When not crediting everyone else, from Patriots coach Bill Belichick to his teammates to wife Gisele Bundchen or his hair stylist, Brady explains his success as a matter of experience.
"I've been here for a while, so I've seen our offense evolve," the 11-year veteran told The AP. "We do some different things now than we've done in the past. Ultimately, we're still trying to do the same thing, which is be productive and win games."

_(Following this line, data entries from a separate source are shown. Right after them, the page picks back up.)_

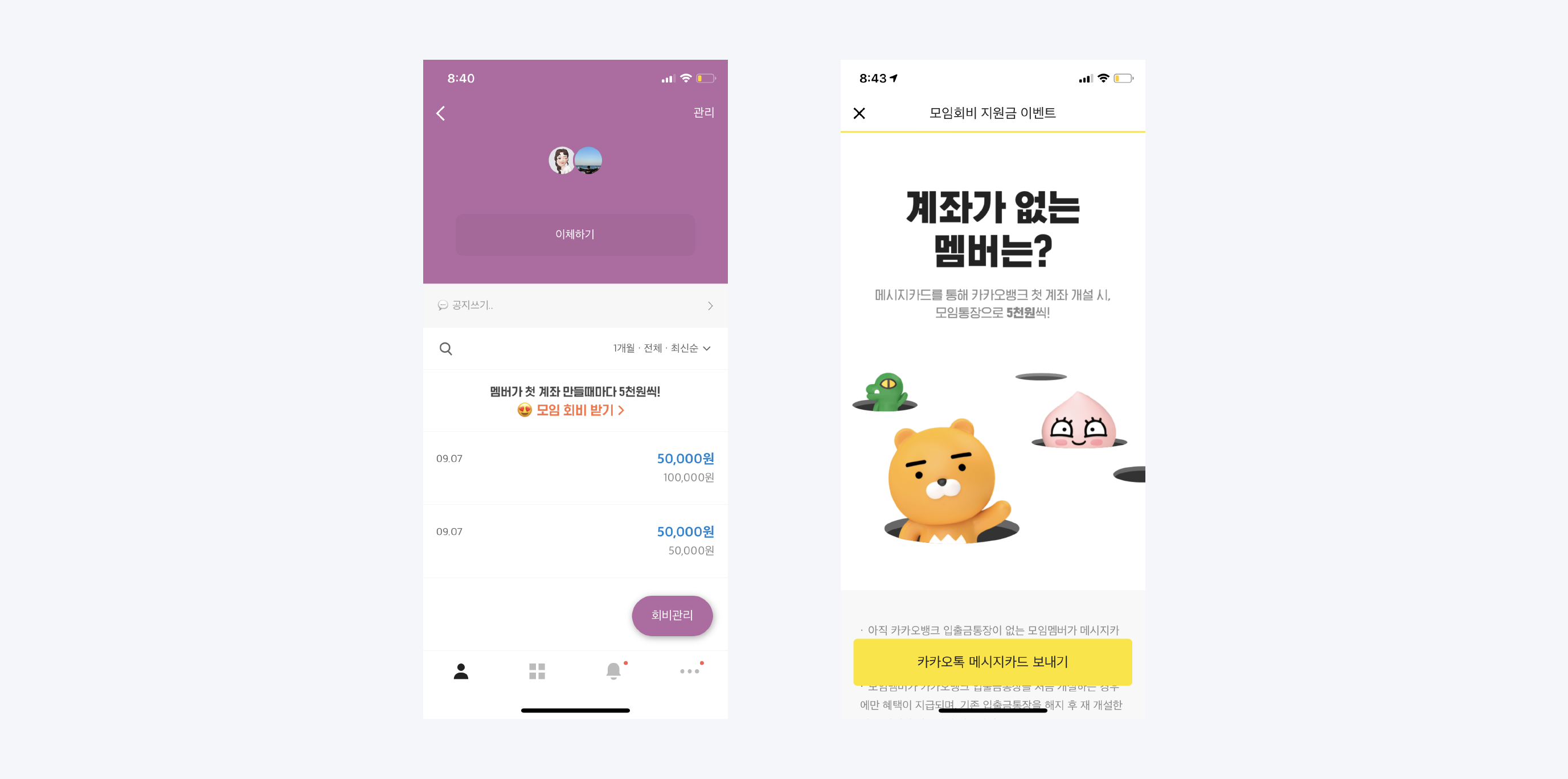 카카오 뱅크의 모임통장은 기존의 공유 통장과 다르게 모임통장 내에 초대된 모든 회원들이 실시간으로 입/출금 내역을 확인할 수 있게 해 준다. 여기서 회원을 초대하는 것은 특별한 보상을 바라는 행동은 아니다. 본 목적대로 사용하기 위해 자연스럽게 거치는 과정일 뿐이다. 실제 카카오 뱅크 모임통장의 이용자 30%는 별도의 카카오뱅크 계좌가 없는 신규 사용자인 것으로 알려졌다.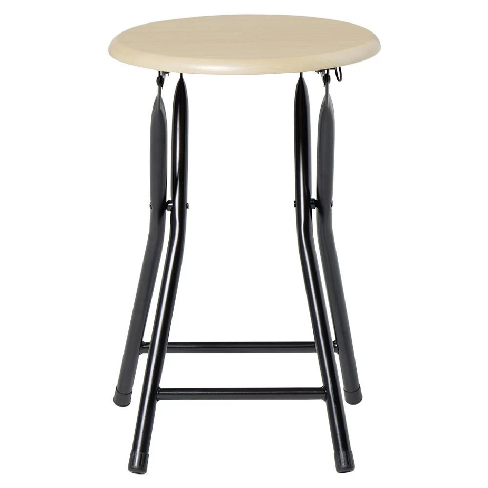 Tabouret pliant bicolore noir et naturel.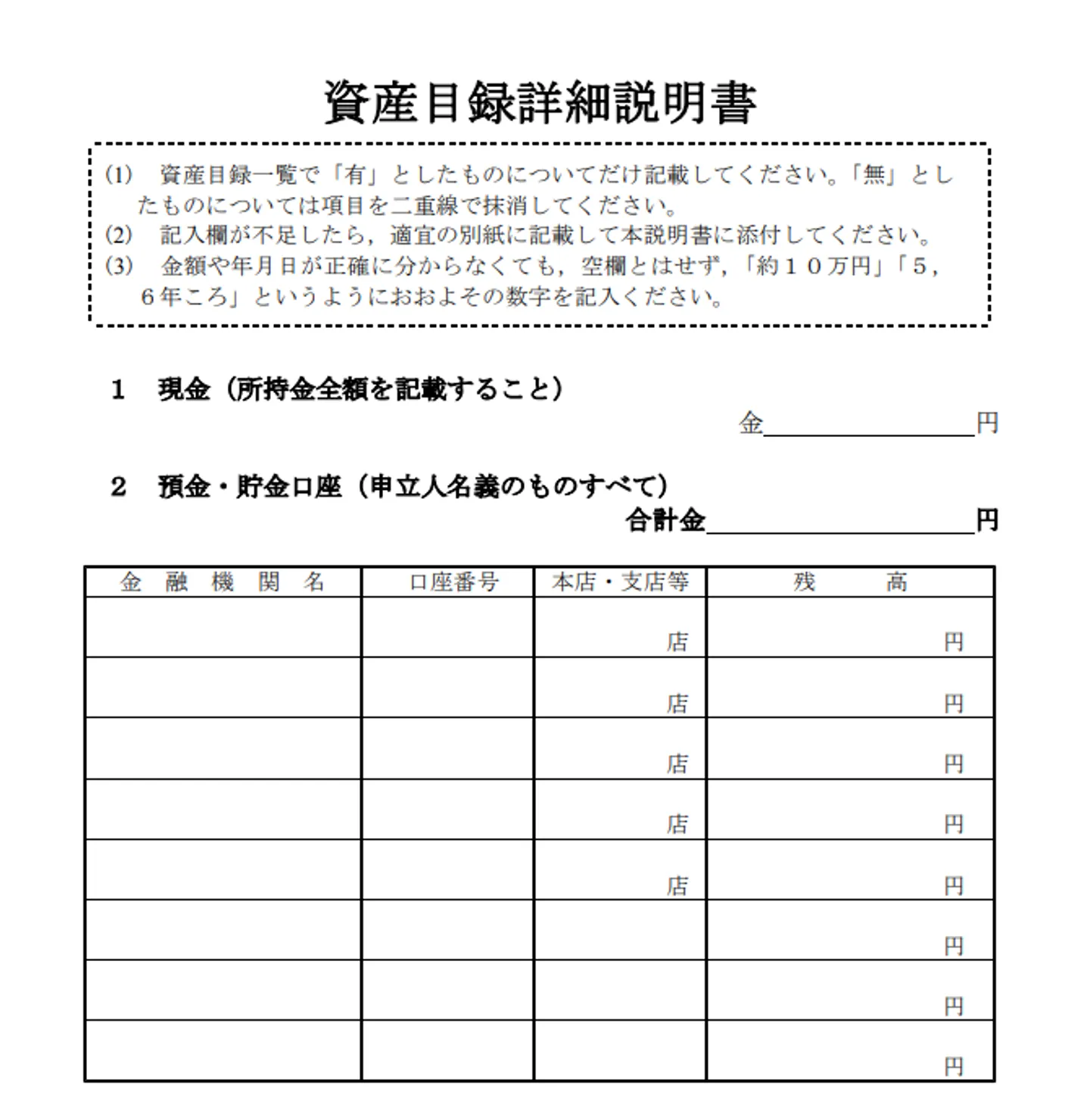 - 資産目録は債務者の資産状況を目録にした書類。一覧と詳細に分かれており、資産状況について詳細に問われる

In the "NFL Total Access" interview, Brady credited the Patriots' offensive success to "a collective effort by the group of skill players that we have and the offensive line," said it was "a lot of fun each week trying to find different ways to utilize all those guys so we could go into the game feeling really good, feeling prepared with the game plan, understanding that if we just went out and executed, we were going to score some points."
Wide receiver Deion Branch, the 2005 Super Bowl MVP who returned to the Patriots in a midseason trade from the Seattle Seahawks, believes Brady gets his edge because he can be a nerd.
"Tom studies a lot," Branch said late in the season. "We get the bulk of it in the meeting rooms with just the players, when we sit down to go over the things that he's been looking at. It carries over to the practice field as well. Tom is a dork when it comes to that, so I'm going to leave that alone, but Tom is a dork in that meeting room."
A dork? Hardly a description often associated with a three-time Super Bowl champion quarterback who's married to a supermodel.
"Maybe, yeah," Brady said. "I could see that, you know? I'm flattered."
Also flattering: Brady is the only quarterback and only active player to win the award twice.
Brady is the sixth multiple winner of the award, which has been presented since 1972. The others are Earl Campbell, Jerry Rice, Barry Sanders, Terrell Davis, Barry Sanders and Marshall Faulk. Campbell (1978-80) and Faulk (1999-2001) are three-time recipients.
Brady passed for 300 or more yards on four occasions this season, twice threw four touchdown passes -- in Week 12 against the Detroit Lions and Week 13 against the Jets -- and was intercepted by just two opponents. The Jets picked off Brady twice in their Week 2 victory, and the Baltimore Ravens had two in a Week 6 decision over the Patriots.
Brady, who failed to reach 4,000 passing yards after surpassing the mark three times in the previous five seasons, this season climbed to 19th on the NFL's career passing-yardage list (34,744) and into a tie for 10th, with Dave Kreig, for career touchdown throws (261).
Vick, the runner-up for the award, enjoyed a comeback season that led him to the Pro Bowl. After missing two seasons while serving a federal sentence for dogfighting, then sitting as a backup for the Eagles last season, Vick finished fourth in passer rating (career-best 100.2), threw 21 TD passes and just six interceptions, and rushed for 676 yards and nine scores.
Also receiving votes for NFL Offensive Player of the Year were Houston Texans running back Arian Foster (seven), Rivers (five), and Atlanta Falcons receiver Roddy White, Green Bay Packers quarterback Aaron Rodgers and Eagles wide receiver DeSean Jackson (two each).